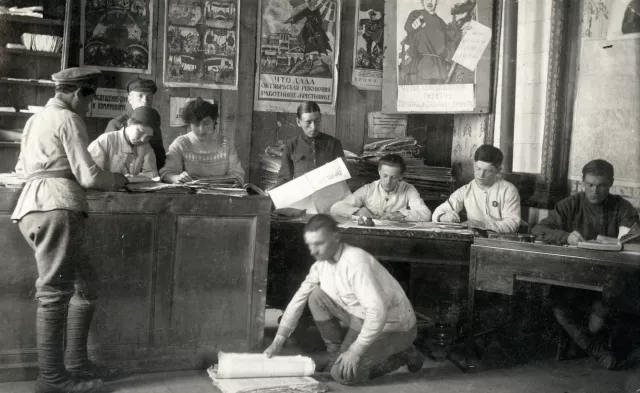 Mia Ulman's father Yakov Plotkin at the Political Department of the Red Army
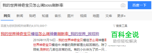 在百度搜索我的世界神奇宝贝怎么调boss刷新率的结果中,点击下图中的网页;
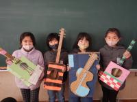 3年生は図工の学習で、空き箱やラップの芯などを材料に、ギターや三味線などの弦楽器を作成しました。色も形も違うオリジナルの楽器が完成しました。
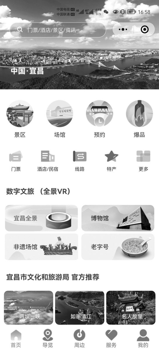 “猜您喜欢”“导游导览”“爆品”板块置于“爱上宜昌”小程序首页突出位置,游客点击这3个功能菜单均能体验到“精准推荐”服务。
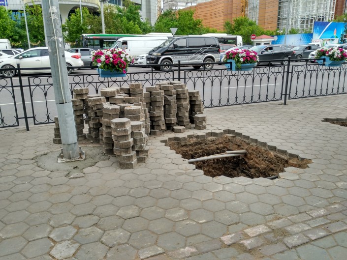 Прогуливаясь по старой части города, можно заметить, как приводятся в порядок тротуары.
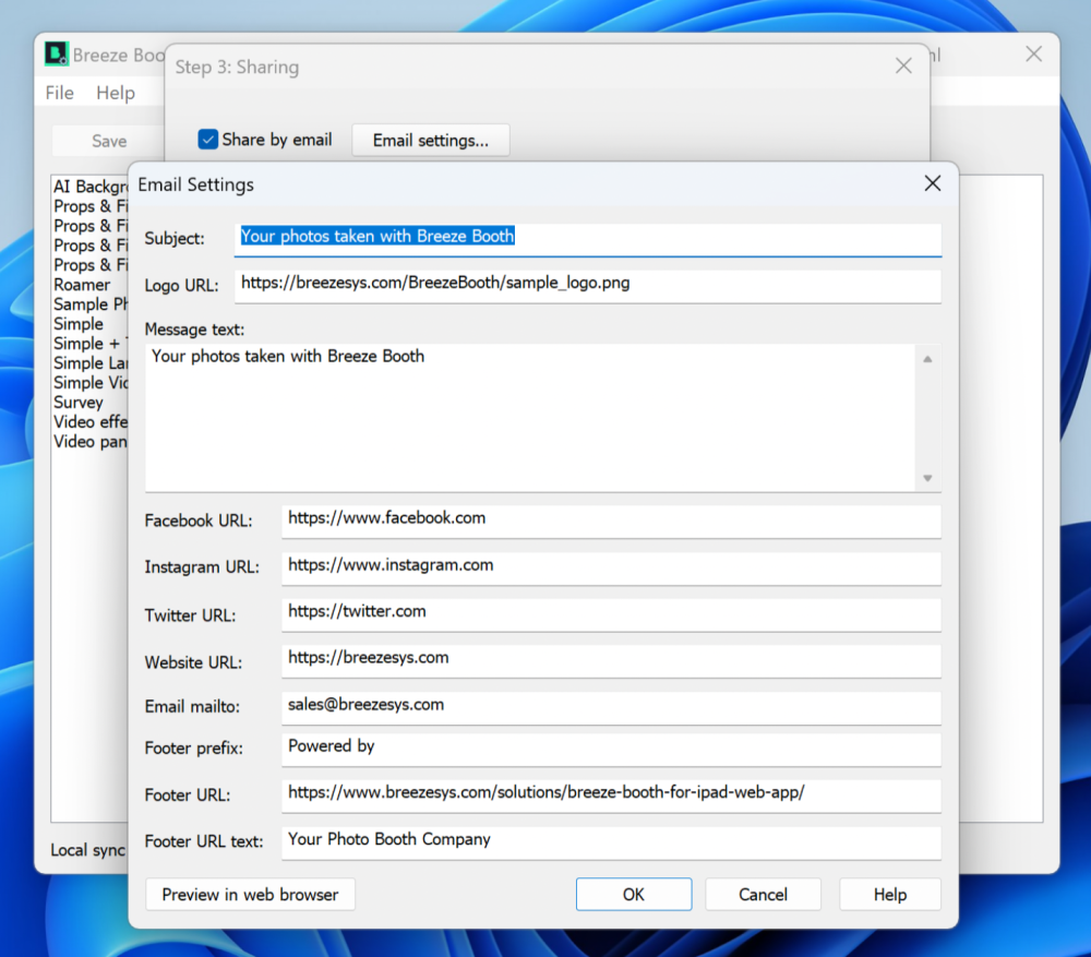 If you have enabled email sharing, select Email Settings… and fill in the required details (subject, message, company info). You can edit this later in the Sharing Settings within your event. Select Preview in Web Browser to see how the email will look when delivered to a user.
····················
▶ _Exercise description_
Nothing but the lines from the line with "Прогуливаясь по старой" through the last line of the listing above should be repeated, and pictures should be left out.

▶ _Solution_
 Прогуливаясь по старой части города, можно заметить, как приводятся в порядок тротуары.
 If you have enabled email sharing, select Email Settings… and fill in the required details (subject, message, company info). You can edit this later in the Sharing Settings within your event. Select Preview in Web Browser to see how the email will look when delivered to a user.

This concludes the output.